Les inspecteurs de l'Agence internationale de l'énergie atomique (AIEA) ont découvert un degré de contamination très élevé dans certains sites nucléaires. Les Iraniens ont toujours affirmé que cette contamination provenait de matériels de seconde main importés de l'étranger.

En août, M. Younessi avait annoncé l'arrestation d'un "certain nombre d'espions qui transmettaient à l'étranger des informations sur le programme nucléaire iranien".

Il avait ajouté que "les +hypocrites+ (l'appellation donnée aux Moudjahidine du peuple, organisation d'opposition au régime islamique en exil) ont pris la plus grande part au transfert des informations". "Par le passé, ils se sont même glorifiés d'avoir fait de l'espionnage contre l'Iran et, lors d'une conférence de presse aux Etats-Unis, ils se sont vantés d'avoir fourni des renseignements aux Américains et à d'autres", avait-il précisé.

En juillet 2000, la justice iranienne avaient condamné à des peines de prison dix juifs et deux musulmans accusés d'espionnage pour Israël qui ont finalement été libérés en 2003.

Pour sa part, le général Mohammad Salimi, le commandant en chef de l'armée iranienne, a affirmé que les forces armées iraniennes avaient reçu l'ordre de se préparer pour défendre les sites nucléaires iraniens contre toute attaque.

"L'armée de l'air a reçu instruction de protéger avec toutes ses forces les sites nucléaires iraniens", a déclaré le général Salimi, cité par le quotidien gouvernemental Iran.

"L'armée de l'air a suspendu toutes ses manoeuvres pour un temps et a concentré ses moyens sur les patrouilles de combat dans le ciel", a-t-il ajouté.

Le général répondait à une question sur des informations de presse concernant une simulation d'attaque par des forces ennemies contre la centrale nucléaire de Bouchehr, actuellement en construction par les Russes dans le sud du pays.

Ces derniers mois, des journaux israéliens, américains et arabes ont publié des informations sur une éventuelle attaque américaine et israélienne contre les sites nucléaires iraniens.

Les responsables américains et israéliens ont toutefois démenti l'existence d'un plan d'attaque contre l'Iran.

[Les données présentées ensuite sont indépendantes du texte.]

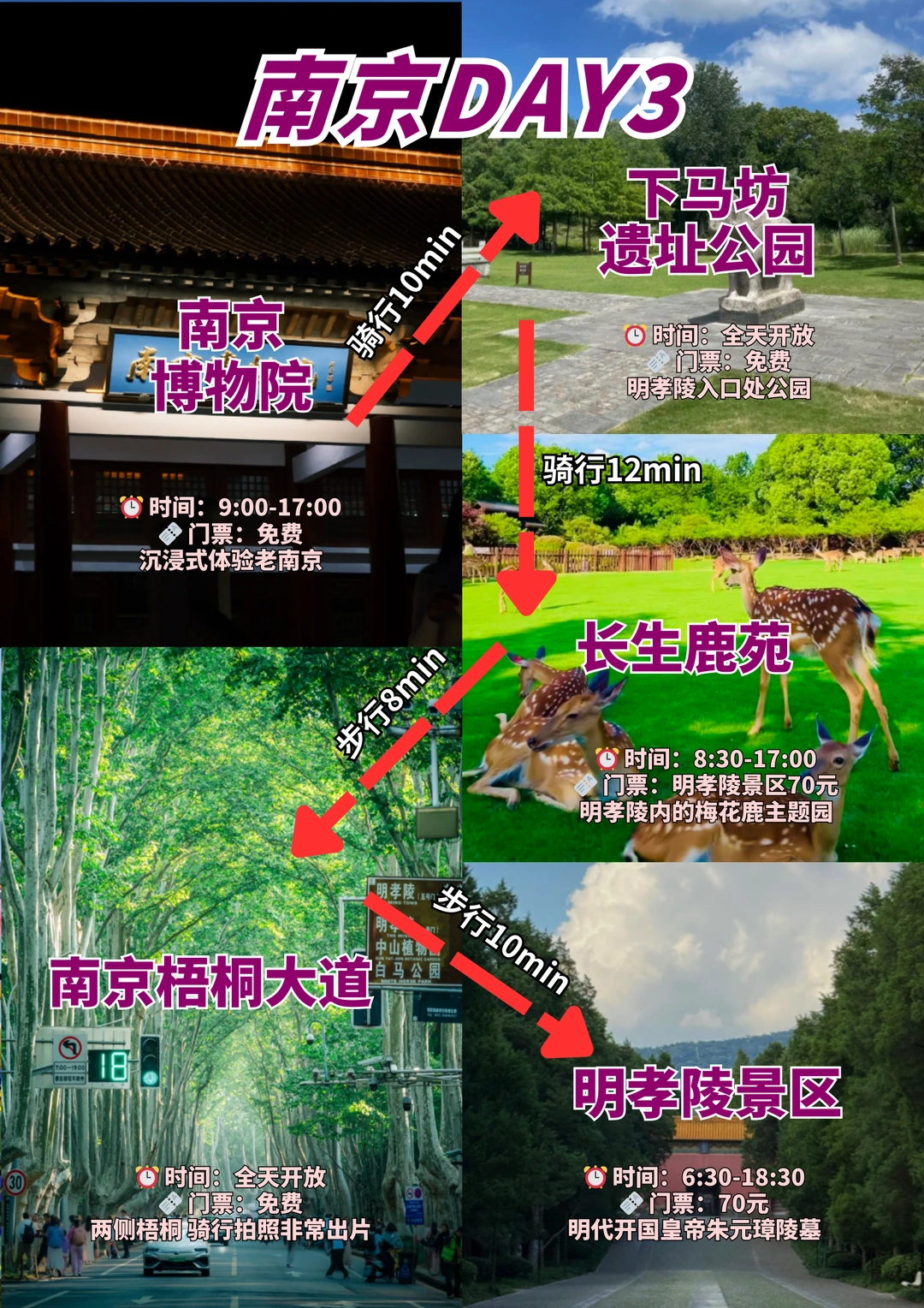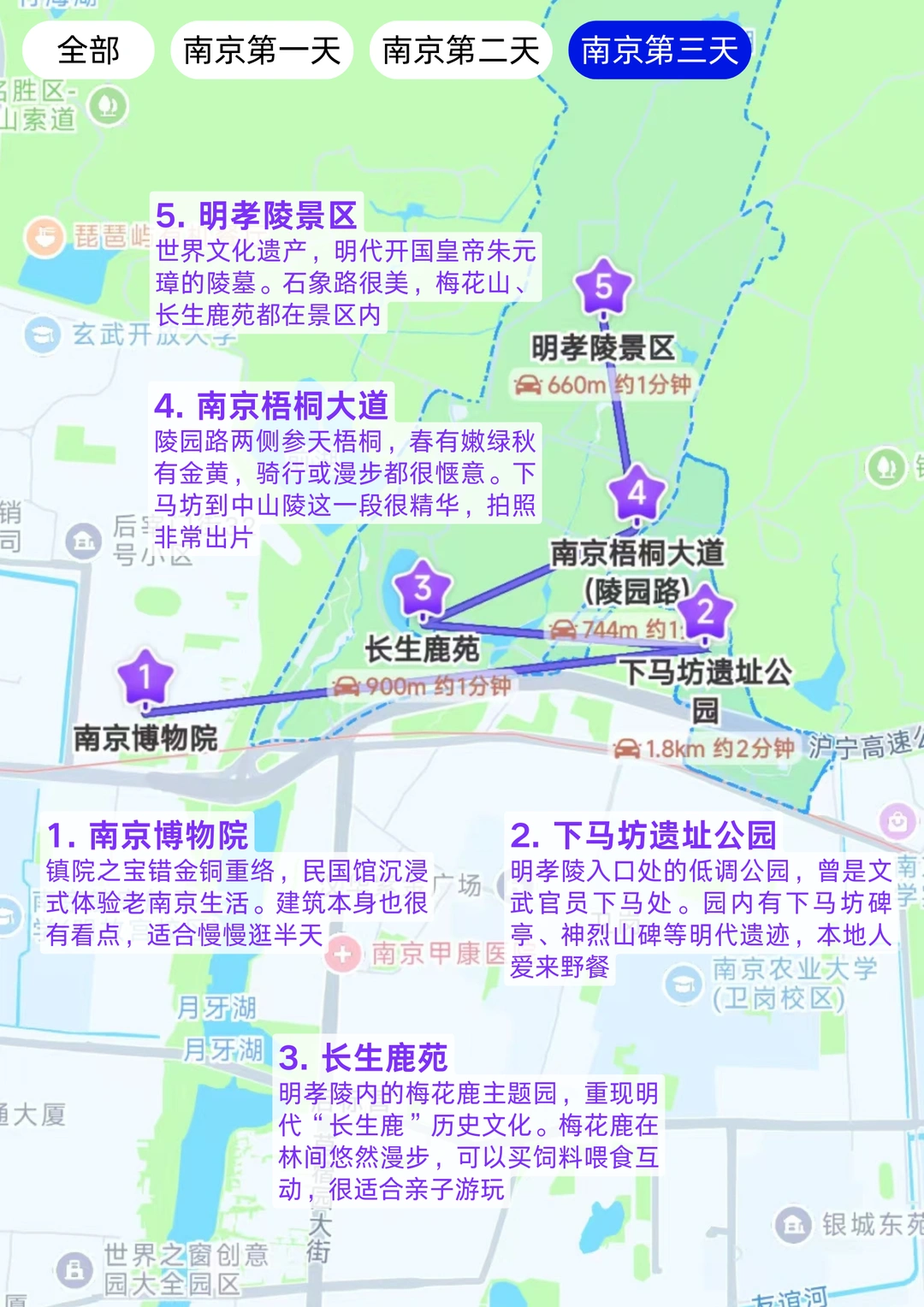 明孝陵景区(石象路绝美)→ 步行10分钟 → 南京梧桐大道(陵园路骑行拍照)→ 步行8分钟 → 长生鹿苑(喂小鹿互动)→ 骑行12分钟 → 下马坊遗址公园(明代遗迹)→ 骑行10分钟 → 南京博物院(镇院之宝错金铜重络)
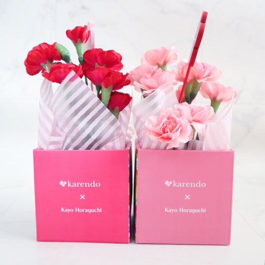 新商品には、ホラグチカヨさんデザインの限定BOX入りカーネーションやソープフラワーなど、カラフルでワクワクするアイテムを販売。店頭販売に先駆けて2025年4月4日(金)より、karendo公式オンラインショップにて先行予約販売を開始します。(karendo公式オンラインショップ: https://karendo.com/)
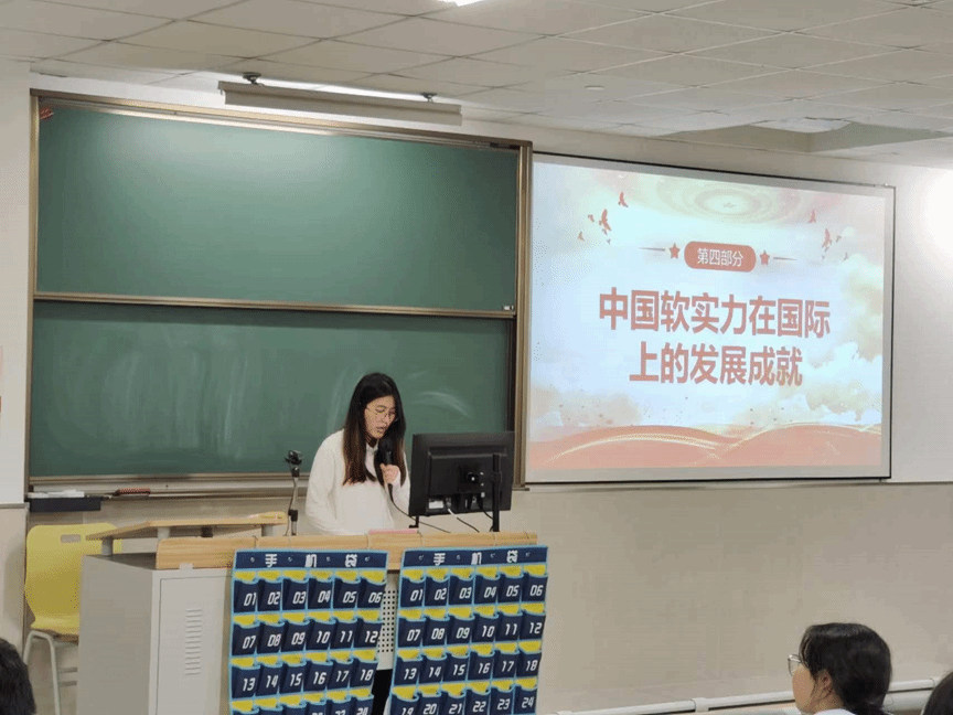 2024424日晚六点三十分,党建服务与人才培训中心分别于茶山校区和滨海校区开展了以“中国软实力从何而来”为主题的一周看时事活动。主讲人赵灿灿从什么是软实力、提升软实力重要性、各国软实力的现状、国际上的发展成就、中国软实力提升的原因、提升面临的机遇挑战、学生党员怎么做七个方面进行讲述。
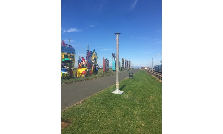 Nous avons conçu une plaque de base sur mesure à utiliser avec les poteaux de projecteur de Blackpool Illuminations. Les ancrages à tête filetée SF50-10-1260AC ont été spécifiés en fonction des charges nominales requises et des conditions de sol du site. Les ancrages ont été installés à l’aide d’un enfonce-pieux portatif à essence. Un modèle a été créé pour améliorer la précision de l'installation des ancrages. Une fois les ancrages en place, les plaques de base ont été fixées à l'aide de vis de réglage et de rondelles.
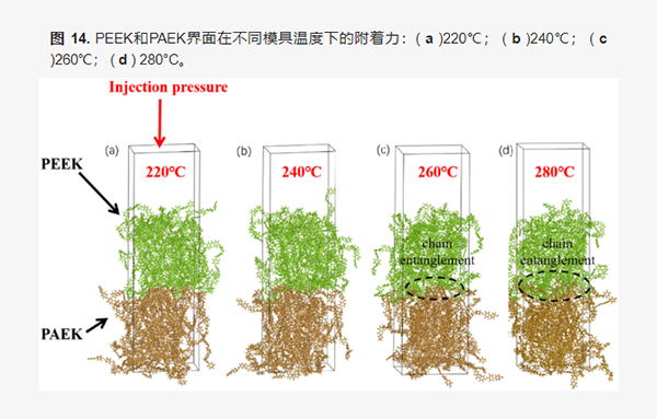 如上图显示,事先将PAEK树脂涂成棕色,将PEEK树脂涂成绿色,通过电子扫描显微镜观察两种热塑性复合材料包覆成型的具体过程,观察分子间扩散和界面形成过程。结果表明,模具温度显著影响界面结合强度,而熔体温度几乎没有影响。因此将实验中模具温度作为模拟观察的核心因素,设定注塑温度设定为400℃,模具温度分别设定为220℃、240℃、260℃、280℃。数据显示,随着模具温度的升高,一些分子链穿过界面并与另一层分子链纠缠在一起。在PEEK/PAEK两种热塑性复合材料包覆成型中,界面的形成不仅取决于两个分子链的相互运动,还取决于分子的自运动。
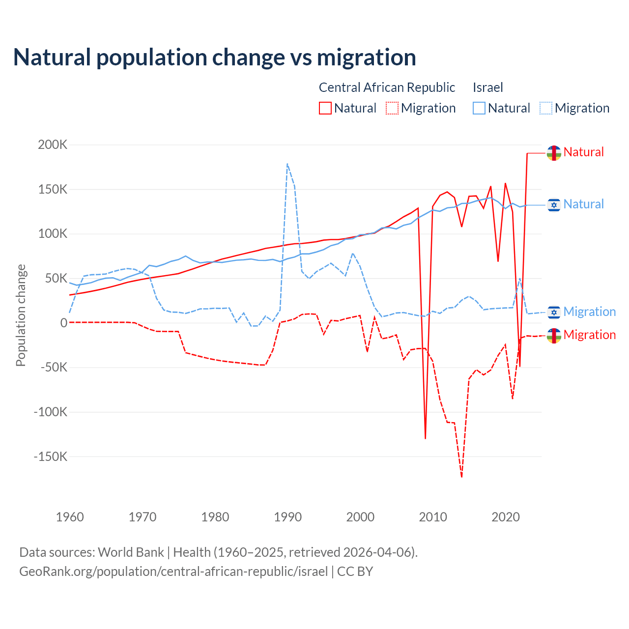 Over the last 10 years, 66.7% of the population change in the Central African Republic is from natural causes (a gain of 1,164,312 people) and 33.3% is from migration (a loss of 580,593 people). In Israel 86% is from natural causes (a gain of 1,343,492 people) and 14% is from migration (a gain of 219,048 people).
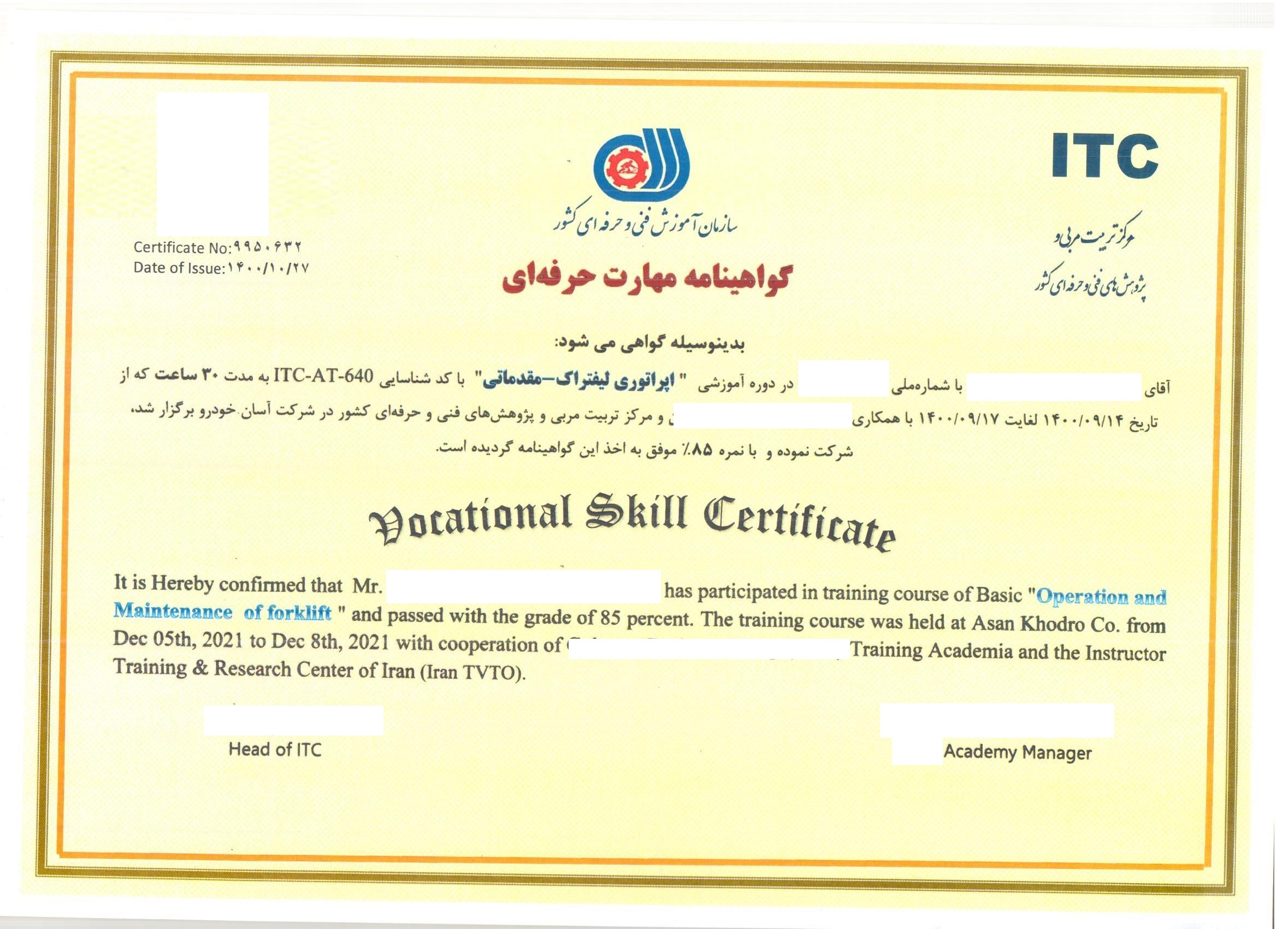 نمونه مدرك بين المللي صادر شده سازمان فني و حرفه اي
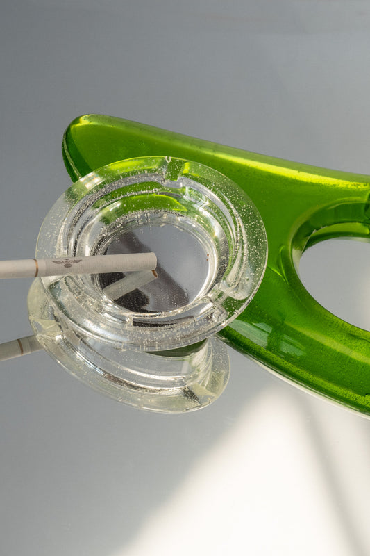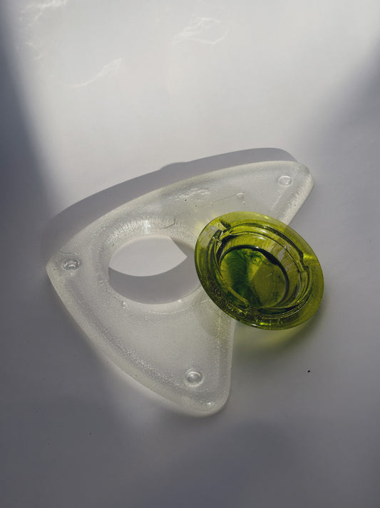 ATOMIC RESIN ASHTRAY | CLEAR WITH GREEN

Publié par Frédéric le 22 décembre 2004 à 21:21

Les installations nucléaires iraniennes dans tout le pays sont survolées par de mystérieux OVNIS volant à très basse altitude ...
Bien évidemment, le pouvoir en place les accuse d'être de nationalité US, et a ordonné à son aviation de les abattre, mais celle-ci déclare ne pas avoir les compétences techniques pour s'acquitter de la besogne.

Bientôt des pilotes extra-terrestres otages en Iran ?

http://216.132.172.10/indiadaily/editorial/12-26a-04.asp

Publié par Frédéric le 28 décembre 2004 à 18:29

Tiens, vous ne croyez donc pas à l'existence d'un courant réformateur puissant, dans la jeunesse et les élites iraniennes, qui appellerait de ses voeux une telle intervention et serait prête à prendre la relève?

Publié par François Brutsch le 29 décembre 2004 à 12:29

Si, je crois à l'existence d'un tel courant, mais je pense qu'une intervention militaire américaine en Iran serait vraiment au-delà des capacités actuelles du Pentagone, et obligerait à dégarnir complètement le Pacifique ou à réduire considérablement les missions en Afghanistan (difficile) et en Irak (encore plus difficile avant 2006).

En même temps, il est exact que l'existence d'élites pro-démocratiques est une des grandes différentes entre Iran et Irak...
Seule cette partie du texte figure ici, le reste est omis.